## [TASK DIRECTIONS]
When you reach the records below, output every one exactly as written but leave out any pictures.

## [INPUT RECORDS]

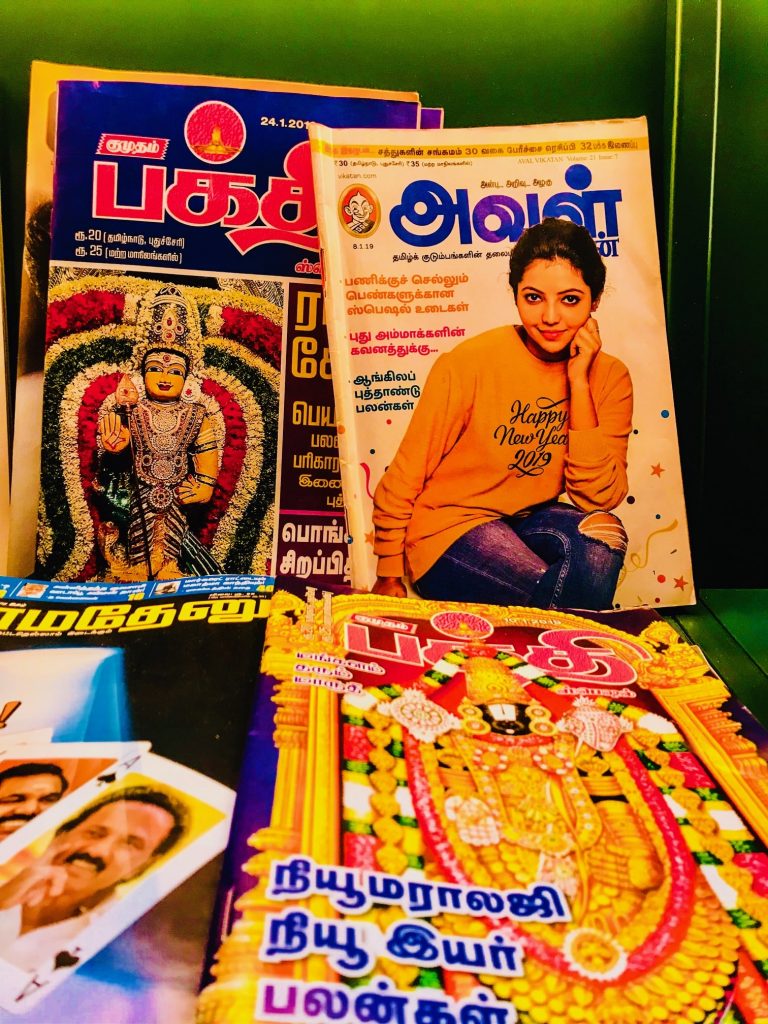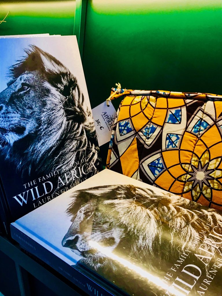 Ainsi, dans une mise en scène qui renvoie aux historiques kiosques à journaux parisiens, ouvrages, généraux ou plus spécialisés, magazines, objets du quotidien, dvds de films Bollywood (cinéma indien tourné en langue Hindi dans les studios de Mumbai) ou Kollywood (cinéma Tamoul tourné en langue tamoule dans les studios de Chennai), cartes postales, accessoires capillaires , bijoux , tote bags et vêtements en wax de créateurs contemporains, tous disponibles à l’achat,
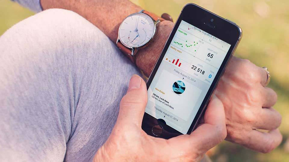از ویژگیهای ظاهری Activite Withings که عبور کنیم به قابلیتهای آن در پیگیری فعالیتهای بدنی میرسیم. پشت ظاهر ساده و کلاسیک این ساعت زیبا یک سنسور شتابسنج سه محوره مخفی شده است. این سنسور حرکات بدن شخص را تشخیص میدهد و بهاینترتیب میتواند تعداد گامهای برداشتهشده را بشمارد. اما برای دسترسی به اطلاعاتی که توسط شتابسنج جمعآوری میشود باید از یک گوشی یا تبلت هوشمند کمک گرفت. ابتدا باید اپلیکیشن شرکت ویدینگز به نام «Health Mate» روی موبایل نصب شود. این اپلیکیشن روی سیستمعاملهای اندروید 4.3.3 به بالا و iOS 7.0 به بالا قابلنصب است.
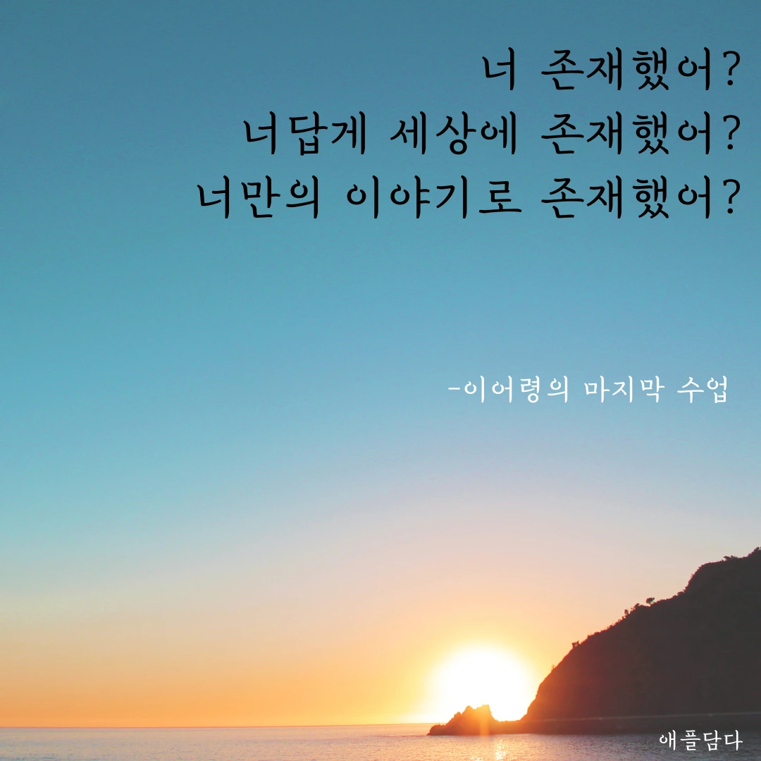 너답게 존재하고 있느냐고 그는 맹렬하게 독자에게 묻는다. 저 홀로 낯선 세상과 마주하라고, 단호하게 내리치며 말한다. 이 질문이 묵직한 이유는, 다른 이가 아닌 '이어령'선생의 질문이기 때문이다. 누구보다 눈부시게 자기 존재성을 발휘하며 한 생을 살아낸, 살아가고 있는, 스러지고 있는 한 존재가 하는 질문이기 때문일 것이다.
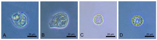 Stages of sunflower microspore development: (A) between meiotic dyad and tetrad; (B) tetrad of microspores; (C) early uninucleate microspore; and (D) late uninucleate microspore. Photographs were taken by authors of this review.
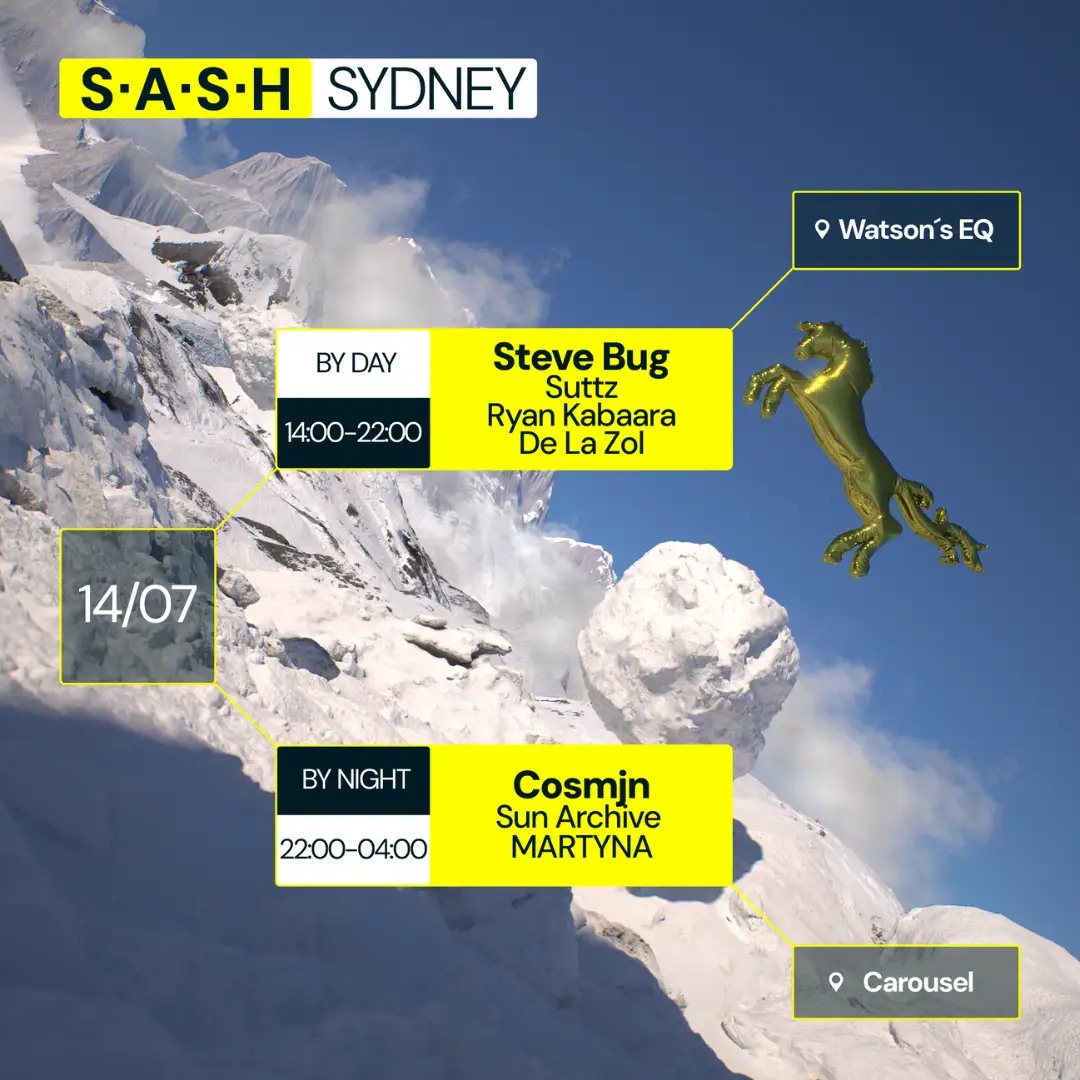 ★ S.A.S.H By Day & Night ★ Steve Bug ★ Cosmjn ★ Sunday July 14th ★ ------------------------------------------------------------------------------------------ Second week into July and we’ve got another delectable delight for you all. Watson’s EQ & Carousel are in their cold snap, so we’ve doubled down on our showcases for you. The German Maestro Steve Bug drops into Watson’s EQ after an evening of fixing sinks, ready to take the courtyard by storm. His tasteful blends have seen him all over the world, and his productions push him forward as one of the leaders within the industry. Groove entrepreneur Suttz decides to come and beat the frost and welcome in the moonlight with an evening session at EQ. Keeping it Kool, Ryan Kabaara showcases his deep collection whilst he bathes in what’s left of the sunlight. The courtyard welcomes newcomer De La Zol with deep, lavish, & zolid tunes to thaw out the dancefloor. As cool as he is, we head over to Carousel & get cosy with Cosmjn. The Romanian has carved out a name for himself as he’s destroyed dancefloors across the globe and topped charts through his productions. With standout appearances at Sunwaves and all across Europe, Cosmjn is most definitely the man. Sun Archive joins him on the bill for direct support, our very own superhuman export has done bits for the scene throughout the years and will warm things up in style. MARTYNA steps into the booth for closing duties, her innate ability to produce groove is sure to keep things rolling deep into the morning.
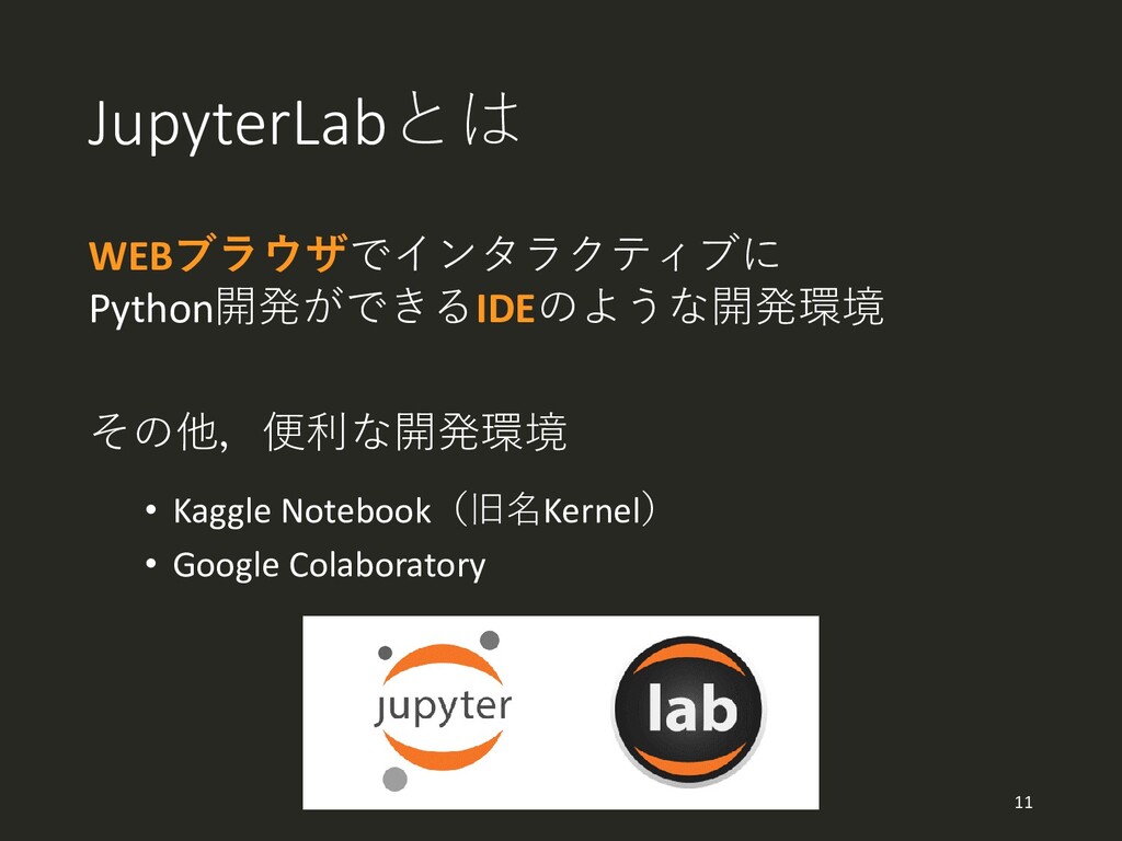 JupyterLabとは WEBブラウザでインタラクティブに Python開発ができるIDEのような開発環境 その他,便利な開発環境 • Kaggle Notebook(旧名Kernel) • Google Colaboratory

## [RESPONSE]
 Ainsi, dans une mise en scène qui renvoie aux historiques kiosques à journaux parisiens, ouvrages, généraux ou plus spécialisés, magazines, objets du quotidien, dvds de films Bollywood (cinéma indien tourné en langue Hindi dans les studios de Mumbai) ou Kollywood (cinéma Tamoul tourné en langue tamoule dans les studios de Chennai), cartes postales, accessoires capillaires , bijoux , tote bags et vêtements en wax de créateurs contemporains, tous disponibles à l’achat,
از ویژگیهای ظاهری Activite Withings که عبور کنیم به قابلیتهای آن در پیگیری فعالیتهای بدنی میرسیم. پشت ظاهر ساده و کلاسیک این ساعت زیبا یک سنسور شتابسنج سه محوره مخفی شده است. این سنسور حرکات بدن شخص را تشخیص میدهد و بهاینترتیب میتواند تعداد گامهای برداشتهشده را بشمارد. اما برای دسترسی به اطلاعاتی که توسط شتابسنج جمعآوری میشود باید از یک گوشی یا تبلت هوشمند کمک گرفت. ابتدا باید اپلیکیشن شرکت ویدینگز به نام «Health Mate» روی موبایل نصب شود. این اپلیکیشن روی سیستمعاملهای اندروید 4.3.3 به بالا و iOS 7.0 به بالا قابلنصب است.
 너답게 존재하고 있느냐고 그는 맹렬하게 독자에게 묻는다. 저 홀로 낯선 세상과 마주하라고, 단호하게 내리치며 말한다. 이 질문이 묵직한 이유는, 다른 이가 아닌 '이어령'선생의 질문이기 때문이다. 누구보다 눈부시게 자기 존재성을 발휘하며 한 생을 살아낸, 살아가고 있는, 스러지고 있는 한 존재가 하는 질문이기 때문일 것이다.
 Stages of sunflower microspore development: (A) between meiotic dyad and tetrad; (B) tetrad of microspores; (C) early uninucleate microspore; and (D) late uninucleate microspore. Photographs were taken by authors of this review.
 ★ S.A.S.H By Day & Night ★ Steve Bug ★ Cosmjn ★ Sunday July 14th ★ ------------------------------------------------------------------------------------------ Second week into July and we’ve got another delectable delight for you all. Watson’s EQ & Carousel are in their cold snap, so we’ve doubled down on our showcases for you. The German Maestro Steve Bug drops into Watson’s EQ after an evening of fixing sinks, ready to take the courtyard by storm. His tasteful blends have seen him all over the world, and his productions push him forward as one of the leaders within the industry. Groove entrepreneur Suttz decides to come and beat the frost and welcome in the moonlight with an evening session at EQ. Keeping it Kool, Ryan Kabaara showcases his deep collection whilst he bathes in what’s left of the sunlight. The courtyard welcomes newcomer De La Zol with deep, lavish, & zolid tunes to thaw out the dancefloor. As cool as he is, we head over to Carousel & get cosy with Cosmjn. The Romanian has carved out a name for himself as he’s destroyed dancefloors across the globe and topped charts through his productions. With standout appearances at Sunwaves and all across Europe, Cosmjn is most definitely the man. Sun Archive joins him on the bill for direct support, our very own superhuman export has done bits for the scene throughout the years and will warm things up in style. MARTYNA steps into the booth for closing duties, her innate ability to produce groove is sure to keep things rolling deep into the morning.
 JupyterLabとは WEBブラウザでインタラクティブに Python開発ができるIDEのような開発環境 その他,便利な開発環境 • Kaggle Notebook(旧名Kernel) • Google Colaboratory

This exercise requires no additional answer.